Et comme par hasard,
aujourd'hui même, le 20 novembre 2006, se tient en région parisienne
une rencontre « convoquée » par la Haute Autorité pour la Santé (HAS,
ex-ANAES), où les « parcours » d'un panel de « patients » transgenre
sont « examinés » par des soi-disant spécialistes, ceci sans aucun
doute afin d'en tirer des recommandations de « protocoles » médicaux à
nous imposer dans le futur. Cette rencontre s'est préparée quasi en
secret et dans l'opacité la plus totale quant à la sélection des
personnes que la HAS veut bien condescendre à « examiner » (p.ex.
exclusion d'office des responsables des groupes d'entraide transgenre
de France) : voilà une opération de type « nuit et brouillard » dont
les dés sont à l'évidence pipés d'avance et dont le résultat devrait
donc être sans surprise car connu d'avance par la HAS, et par elle
seule. Bref, il s'agit une fois de plus d'une marque de pur mépris de
l'État Français face à ses citoyenNEs transgenre en besoin de soins et
de reconnaissance sociale, citoyenNEs dont le nombre est tout de même
estimé à au moins 60000 à travers le pays. Et imposer comme date de
cette rencontre le 20 novembre, le seul jour de l'année où les
personnes transgenre ont l'occasion de parler d'une seule voix
internationale de leurs souffrances et besoins de vie en liberté,
relève d'un cynisme grotesque, perçu comme une provocation par toutes
les personnes transgenre de France.
Au nom des victimes
transgenre, et au nom de toutes les personnes transgenre qui vivent ici
et maintenant dans la souffrance sociale et l'exclusion, nous exigeons
d'urgence de l'État Français :
- d'abolir immédiatement
toute psychiatrisation imposée, en toute illégalité, aux personnes
transgenre, ainsi que tous les « protocoles » médicaux ou « standards
de soins » imposés à leur encontre ;
- de poursuivre pénalement
tout abus, autant psychique que physique ou sexuel, commis par un
médecin lors de soi-disant « expertises » de personnes transgenre,
p.ex. lors de leur procédure de changement d'état civil ;
- de garantir le libre choix
de nos médecins, tel que défini par la Loi en vigueur ;
- de garantir l'application
du remboursement croisé des soins entre l'étranger et la France, tel
que défini par la Loi en vigueur ;
- de décréter le changement
du numéro de Sécurité Sociale sur simple demande, afin de ne plus
exclure les personnes transgenre du marché de l'Emploi ;
- de décréter, pour la même
raison, le changement d'état civil sur simple auto-déclaration, sans
procédures médicales ou juridiques imposées, procédures contraires aux
Droits de l'Homme ;
- de prendre, en accord avec
les groupes d'entraide transgenre de France, des mesures de formation
des professions médicales et paramédicales à l'accueil des personnes
transgenre ;
- d'instaurer enfin une
vraie collaboration entre autorités et groupes d'entraide transgenre,
et ceci directement au niveau ministériel, pas à des niveaux
subalternes ;
- de mettre enfin en place
une vraie politique de prévention de la Haine de la Différence, contre
la transphobie autant que contre l'homophobie, afin que cessent les
agressions et assassinats de personnes transgenre et homosexuelles.

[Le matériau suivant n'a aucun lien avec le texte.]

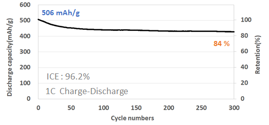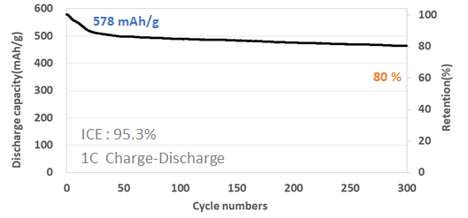 흑연과의 조합 및 탄소나노튜브 바인더 사용 시 흑연 대체 가능 비율과 수명 성능은 향상 될 수 있습니다.

Il y va de la santé et de la
vie de bon nombre de citoyenNEs. Il y va du respect de la déontologie
médicale, actuellement bafouée très régulièrement dès qu'il s'agit de
personnes transgenre. Il y va de la lutte contre l'exclusion dont nos
éluEs parlent tant sans pourtant agir.
Et il y va aussi de la
crédibilité d'un État qui se veut républicain et qui se proclame « pays
de Droits de l'Homme » : ces droits commencent par le droit des
citoyenNEs à l'auto-détermination, et par la protection, et non pas
discrimination, de toutes les minorités sociales.
Mesdames et messieurs les
éluEs et fonctionnaires, assumez les responsabilités de vos fonctions !
La Loi vous oblige à rendre des comptes aux citoyenNEs, et les
citoyenNEs vous jugeront sur vos actes.
Le 20 novembre 2006
Support Transgenre
Strasbourg (www.sts67.org)
Trans Aide
(www.trans-aide.com)
Entraide Transgenre Tours
(http://ett37.sts67.org) 6.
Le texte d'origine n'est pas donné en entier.